H1: The proportion of the individuals who experienced heart diseases is not the same across those who had asthma now and those who did not have asthma now .
asthma_df2_chi = asthma_df2 %>%
mutate(
heart_disease = ifelse(coronary_heart_disease == "1" | heart_attack == "1" | stroke == "1", "1", "0")
)
chisq.test(asthma_df2_chi$heart_disease, asthma_df2_chi$asthma_now, correct=FALSE)
##
## Pearson's Chi-squared test
##
## data: asthma_df2_chi$heart_disease and asthma_df2_chi$asthma_now
## X-squared = 54.976, df = 1, p-value = 1.22e-13
Now we want to see whether having asthma now is am equally common occurrence within the residents of each county.
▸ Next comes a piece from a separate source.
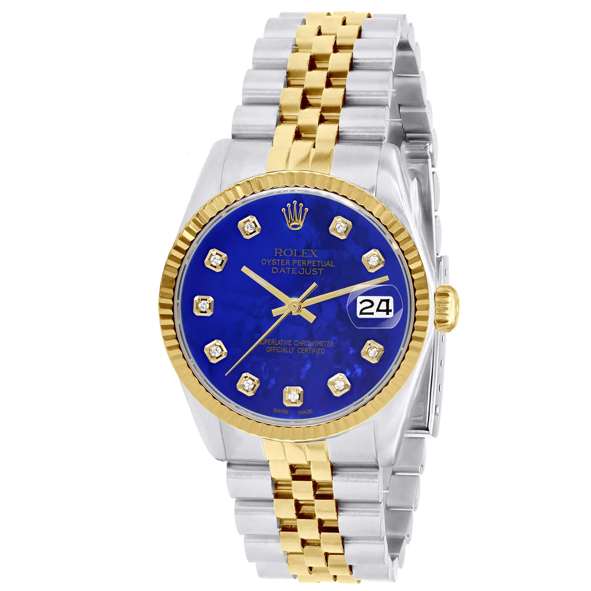 Men’s Diamond Watch Watch Rolex Datejust 36mm Dark Blue Mother Of Pearl Dial Jubilee Bracelet. This Diamond Watch Rolex watch is pre-owned, in excellent condition, and comes in a Rolex box with a full warranty from ItsHot. Customize the look of the watch if you prefer with Diamond Watch bezel or fluted bezel. Each watch can be additionally customized with Diamond Watchs on the case as well as band (please contact us for details).

To fufil this goal, we would conduct a proportion test.
H0:The proportion of the individuals who experienced asthma now is the same across all counties.
H1:The proportion of the individuals who experienced asthma now is not the same across all counties.
asthma_now_1 =
asthma_df2 %>%
drop_na(asthma_now) %>%
group_by(county) %>%
filter(asthma_now==1) %>%
count(asthma_now==1)
asthma_now_all =
asthma_df2 %>%
drop_na(asthma_now) %>%
group_by(county) %>%
count()
data_for_proptest =
left_join(asthma_now_1, asthma_now_all, by = "county")
prop.test(data_for_proptest$n.x, data_for_proptest$n.y)
##
## 36-sample test for equality of proportions without continuity
## correction
##
## data: data_for_proptest$n.x out of data_for_proptest$n.y
## X-squared = 83.022, df = 35, p-value = 8.893e-06
## alternative hypothesis: two.sided
## sample estimates:
## prop 1 prop 2 prop 3 prop 4 prop 5 prop 6 prop 7 prop 8
## 0.6945813 0.7164179 0.6666667 0.8073394 0.7368421 0.6266667 0.7641326 0.7272727
## prop 9 prop 10 prop 11 prop 12 prop 13 prop 14 prop 15 prop 16
## 0.7575758 0.8666667 0.8082192 0.7090164 0.4827586 0.6976744 0.6505747 0.6563758
## prop 17 prop 18 prop 19 prop 20 prop 21 prop 22 prop 23 prop 24
## 0.7680000 0.7785714 0.7564576 0.6782178 0.8059701 0.7222222 0.6617916 0.7383178
## prop 25 prop 26 prop 27 prop 28 prop 29 prop 30 prop 31 prop 32
## 0.6770186 0.6571429 0.7482014 0.7415730 0.7462687 0.8333333 0.6954813 0.7000000
## prop 33 prop 34 prop 35 prop 36
## 0.6967213 0.8620690 0.6851312 0.7271330
X-squared = 83.022, df = 35, p-value = 8.893e-06
alternative hypothesis: two.sided
sample estimates:
prop 1 prop 2 prop 3 prop 4 prop 5 prop 6 prop 7 prop 8 prop 9 prop 10 prop 11 prop 12 prop 13
0.6945813 0.7164179 0.6666667 0.8073394 0.7368421 0.6266667 0.7641326 0.7272727 0.7575758 0.8666667 0.8082192 0.7090164 0.4827586
prop 14 prop 15 prop 16 prop 17 prop 18 prop 19 prop 20 prop 21 prop 22 prop 23 prop 24 prop 25 prop 26
0.6976744 0.6505747 0.6563758 0.7680000 0.7785714 0.7564576 0.6782178 0.8059701 0.7222222 0.6617916 0.7383178 0.6770186 0.6571429
prop 27 prop 28 prop 29 prop 30 prop 31 prop 32 prop 33 prop 34 prop 35 prop 36
0.7482014 0.7415730 0.7462687 0.8333333 0.6954813 0.7000000 0.6967213 0.8620690 0.6851312 0.7271330
From the above results, p-values are small and so we we can say that the proportions of people getting asthma now are different across boroughs.